Bank-sponsored mutual funds are hugely dependent on their sponsor for inflows. Bankers command enormous reach and trust among their customers compared to other distributors. For Axis MF nearly 21% of the gross inflows were from Axis Bank. Axis MF paid out Rs92 crore to Axis Bank, nearly 56% of the total commissions paid to distributors. NJ IndiaInvest, a national distributor, earned a commission of Rs20 crore or about 14% of the total commissions paid by Axis MF.
 
 
For ICICI Prudential MF, nearly 40% of the gross inflows were through ICICI Bank. Therefore, not surprisingly, the banks earn the highest commissions compared to other distributors on the list. For ICICI Prudential MF, nearly 21% of the total commissions were paid to ICICI Bank. Citibank was the next highest commission earner of ICICI Prudential MF earning 5.80% of the total commissions.
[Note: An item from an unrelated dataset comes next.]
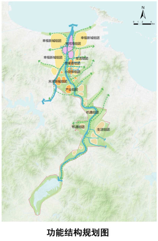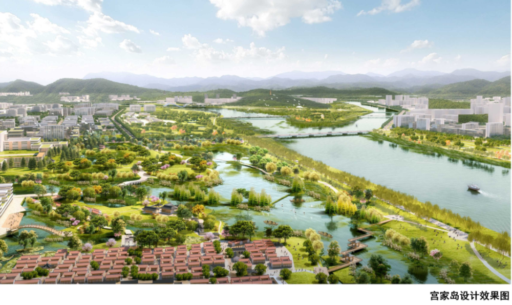 塑造繁华都市到悠然山谷的人间仙境:设计通过对地方空间研究,挖掘出港、洲、滩、岛、林、丘、湾、谷等仙境河谷要素。而机遇组团、宫家岛组团、夹河湾组团等如何成体系布局,将成为夹河升级最大的关注点。
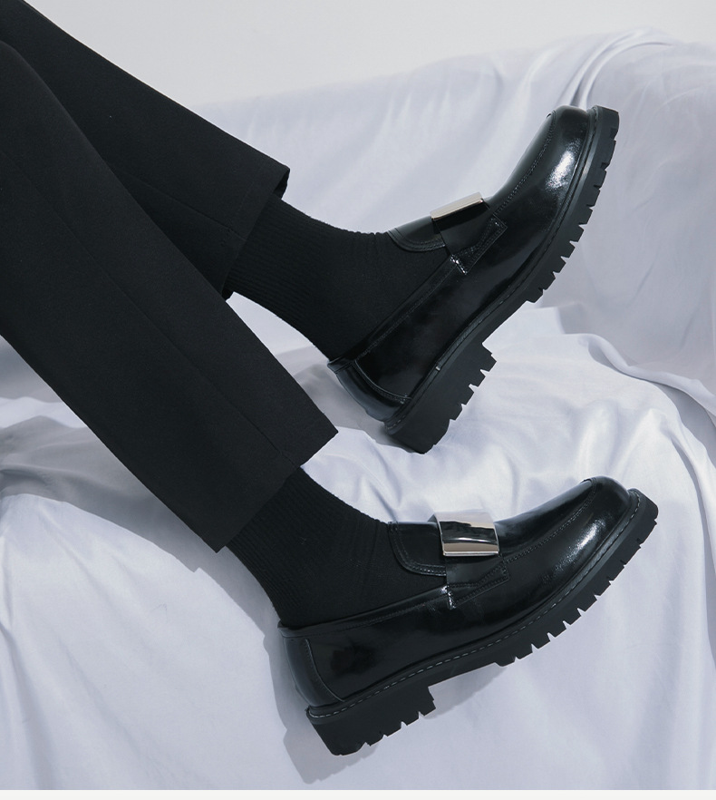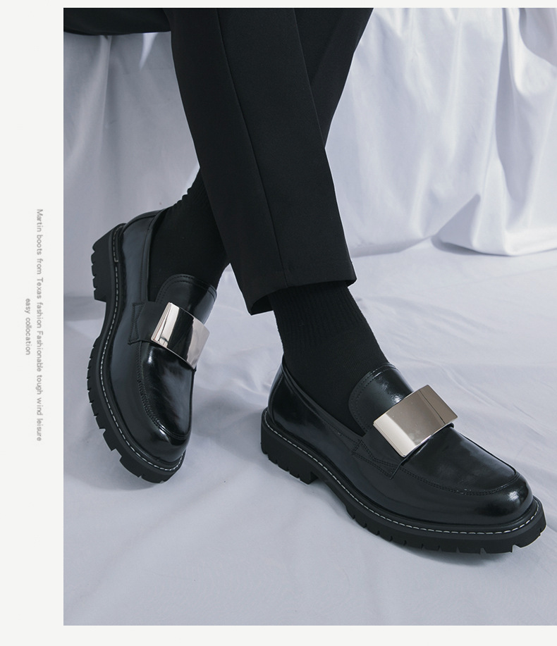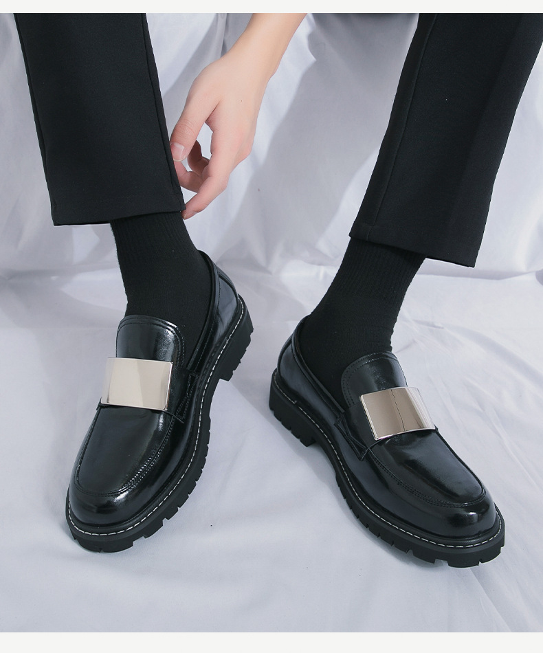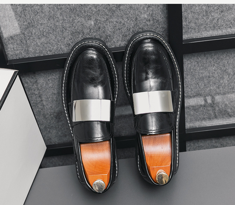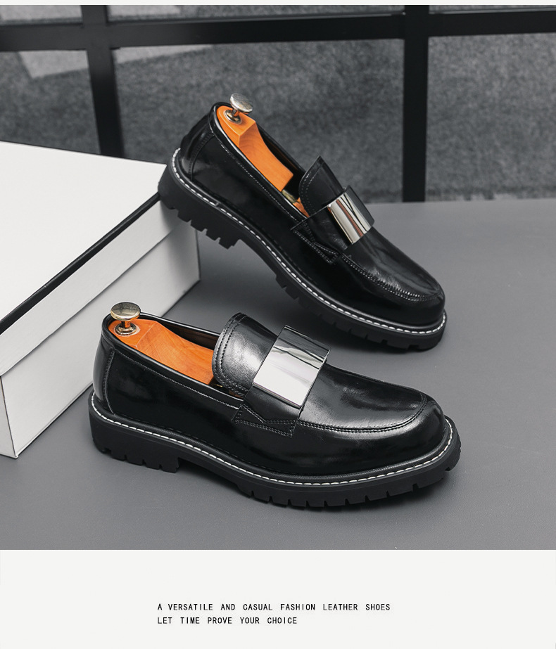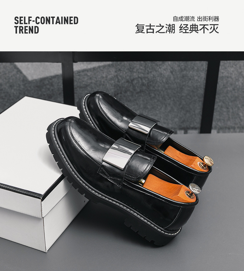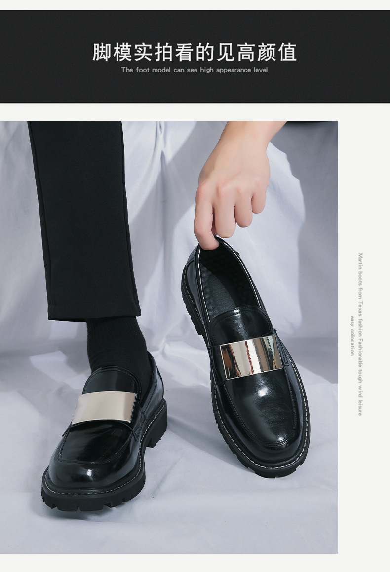가죽 신발 남성 슬립 온 원피스 비즈니스 남성 신발 가을 새로운 영국 캐주얼 신발 성격 추세 국경 플러스 사이즈

ICICI Securities earned nearly 4% of the total commissions paid.
 
 
Similarly, in the case of HDFC MF, as much as 16% of the total commissions were paid to HDFC Bank. Second on the list was NJ IndiaInvest earning about 9% of the total commissions paid by HDFC MF. SBI had a share of 28% in the total commissions paid by SBI MF, while Kotak Mahindra MF paid nearly 33% of the total commissions to Kotak Mahindra Bank and Kotak Mahindra UK. While HSBC MF has not disclosed the distributor’s commissions for FY15-16, in FY14-15, as much as 46% of the total commissions were paid to HSBC Bank, Standard Chartered Bank followed behind earning a commission of 11%.
 
 
 
 
The top three banks on the list—HDFC Bank, ICICI Bank and Kotak Mahindra Bank earned total commissions of Rs261 crore, Rs170 crore and Rs166 crore in FY15-16. HDFC Bank, earned Rs91 crore (or 31% of the total commissions) from HDFC MK. Nearly, 61% of the total commissions of ICICI Bank were from ICICI Prudential MF. For Kotak Mahindra Bank, about 29% of the commissions were sourced through Kotak Mahindra MF. Canara Bank, State Bank of India and Union Bank of India earn over 90% of their commissions from their in-house AMCs.
 
 
Clearly, for each bank, the best mutual schemes are none other than the schemes belonging to their own group or the ones that offers the maximum commission. The data showing that banks push hard schemes belonging to the group which may or may not be in customer interest proves our point once again. Unfortunately, savers don’t know this and tend to trust their bankers blindly. After all, that is the place where they keep their savings.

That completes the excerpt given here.